Posted by Bob Dolgan Special to The Plain Dealer April 06, 2008 21:28PM

Gib Shanley, the radio voice of the Browns for a generation of fans and the face of sports at Channel 5 for 20 years, has died. He was 76.


The colorful sportscaster called the last world championship won by any Cleveland team, the Browns' 27-0 victory over Baltimore in the 1964 NFL title game. But he also called his share of heartbreaking defeats, notably the playoff loss to Oakland in January 1981 when Brian Sipe was intercepted in the end zone late in the game.

He also called the first 15 games of the Browns' "Three Rivers jinx" losses in Pittsburgh. The Browns did not win a game in Pittsburgh from the opening of Three Rivers Stadium in 1970 until 1986.
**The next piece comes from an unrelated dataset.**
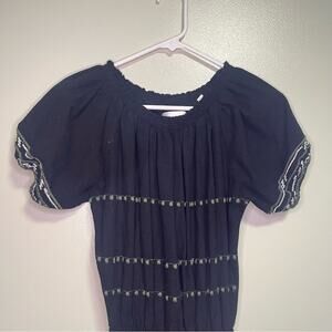 Keywords: anthropologie dress, piper by townsen dress, embroidered mini dress, black boho party dress, smocked puff sleeve dress, festival style dress, cottagecore inspired mini, off shoulder short sleeve dress, women’s small boho chic, embroidered black summer dress, indie floral embroidered dress, trendy fitted mini

Shanley was merely a successful Cleveland sportscaster until Nov. 8, 1979. That night be burned a flag of Iran on television and became a folk hero.
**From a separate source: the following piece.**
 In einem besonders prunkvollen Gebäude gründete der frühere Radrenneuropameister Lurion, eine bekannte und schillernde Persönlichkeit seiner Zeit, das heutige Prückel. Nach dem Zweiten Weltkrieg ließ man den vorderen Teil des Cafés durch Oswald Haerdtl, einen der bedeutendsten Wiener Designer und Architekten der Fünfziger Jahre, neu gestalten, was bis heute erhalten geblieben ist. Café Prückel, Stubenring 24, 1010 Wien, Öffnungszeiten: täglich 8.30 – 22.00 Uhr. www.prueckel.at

The incident took place while Iran was holding a group of Americans hostage in Tehran.

Near the end of his broadcast on WEWS Channel 5, Shanley said, "I know this isn't sports, but I'm going to do it anyway."

He held out a 10-by-20-inch flag of Iran and set it on fire, then threw it on the floor. He said that if his gesture offended any watching Iranians, they should leave the country.

The next day the Cleveland Press reported that the TV station received 500 phone calls, almost all of them supporting Shanley's action.

In a front page story, Shanley said, "It was a spur of the moment thing, but I'd do it again. Somebody has to protest what's happening."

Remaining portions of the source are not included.